▶ PROBLEM STATEMENT
With the exception of the pictures, write out the data below precisely.

▶ DATASET EXCERPT
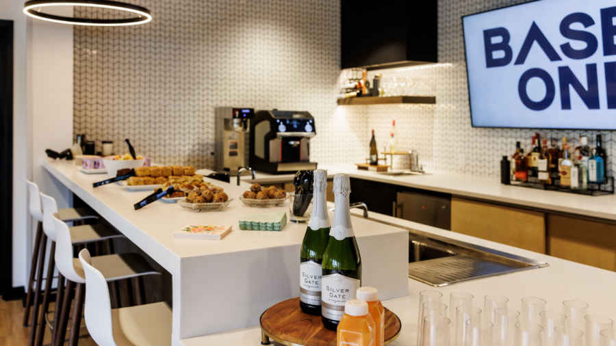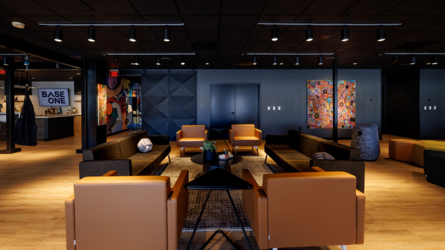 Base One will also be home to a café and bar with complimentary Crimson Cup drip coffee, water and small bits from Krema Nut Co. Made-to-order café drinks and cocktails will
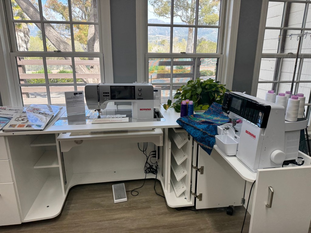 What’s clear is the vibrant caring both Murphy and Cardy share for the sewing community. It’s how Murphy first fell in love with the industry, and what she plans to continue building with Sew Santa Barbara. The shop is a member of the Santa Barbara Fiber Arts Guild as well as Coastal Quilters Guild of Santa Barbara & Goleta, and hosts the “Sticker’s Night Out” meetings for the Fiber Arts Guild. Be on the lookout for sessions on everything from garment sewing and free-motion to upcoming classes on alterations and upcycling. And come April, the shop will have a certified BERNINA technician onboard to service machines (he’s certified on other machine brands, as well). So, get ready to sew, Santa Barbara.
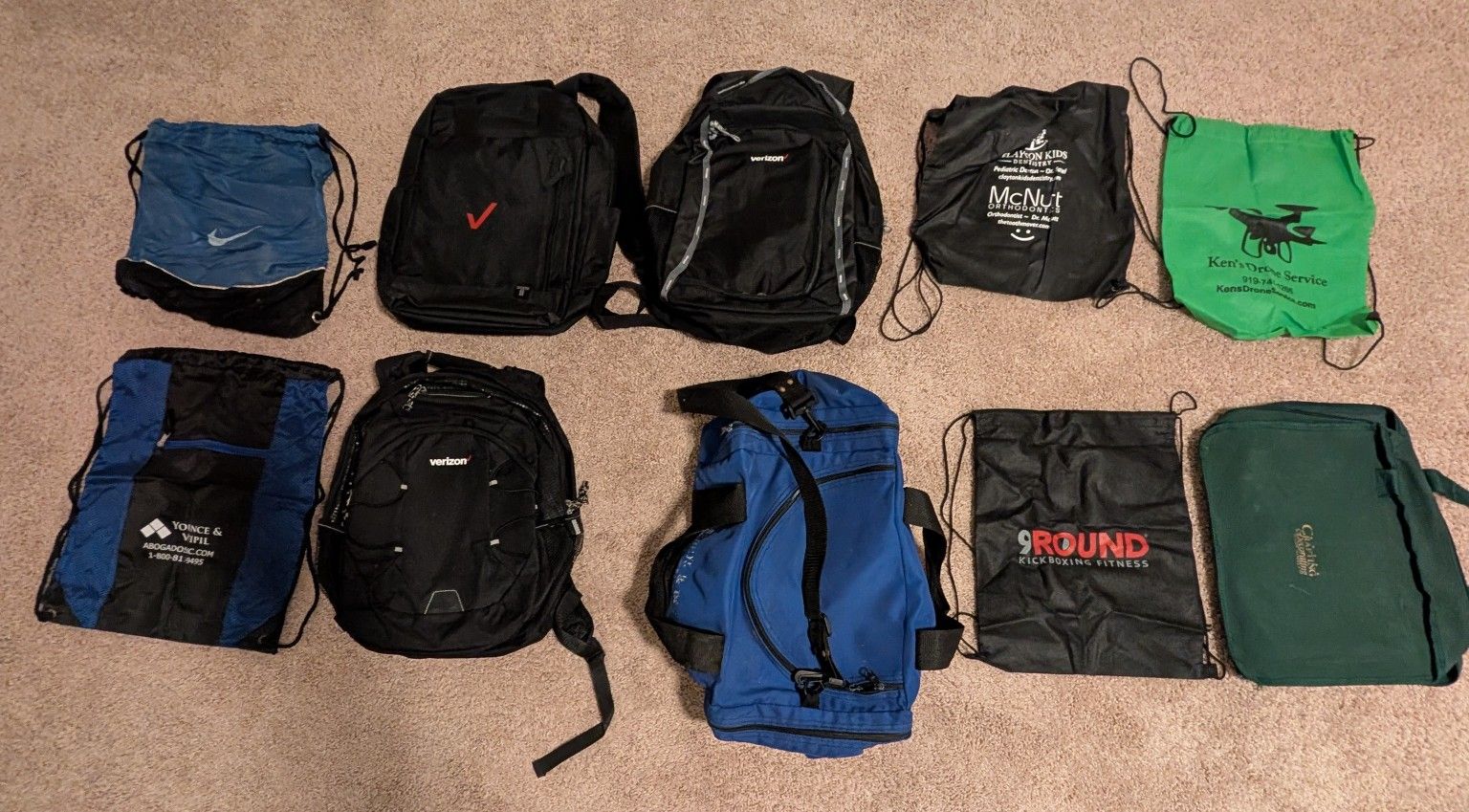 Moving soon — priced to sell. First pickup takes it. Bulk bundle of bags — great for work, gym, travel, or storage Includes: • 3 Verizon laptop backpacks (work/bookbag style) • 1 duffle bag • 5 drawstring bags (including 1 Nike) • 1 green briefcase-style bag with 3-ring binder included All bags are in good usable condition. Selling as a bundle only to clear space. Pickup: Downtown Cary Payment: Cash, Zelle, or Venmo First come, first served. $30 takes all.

▶ RESPONSE TO THE TASK
 Base One will also be home to a café and bar with complimentary Crimson Cup drip coffee, water and small bits from Krema Nut Co. Made-to-order café drinks and cocktails will
 What’s clear is the vibrant caring both Murphy and Cardy share for the sewing community. It’s how Murphy first fell in love with the industry, and what she plans to continue building with Sew Santa Barbara. The shop is a member of the Santa Barbara Fiber Arts Guild as well as Coastal Quilters Guild of Santa Barbara & Goleta, and hosts the “Sticker’s Night Out” meetings for the Fiber Arts Guild. Be on the lookout for sessions on everything from garment sewing and free-motion to upcoming classes on alterations and upcycling. And come April, the shop will have a certified BERNINA technician onboard to service machines (he’s certified on other machine brands, as well). So, get ready to sew, Santa Barbara.
 Moving soon — priced to sell. First pickup takes it. Bulk bundle of bags — great for work, gym, travel, or storage Includes: • 3 Verizon laptop backpacks (work/bookbag style) • 1 duffle bag • 5 drawstring bags (including 1 Nike) • 1 green briefcase-style bag with 3-ring binder included All bags are in good usable condition. Selling as a bundle only to clear space. Pickup: Downtown Cary Payment: Cash, Zelle, or Venmo First come, first served. $30 takes all.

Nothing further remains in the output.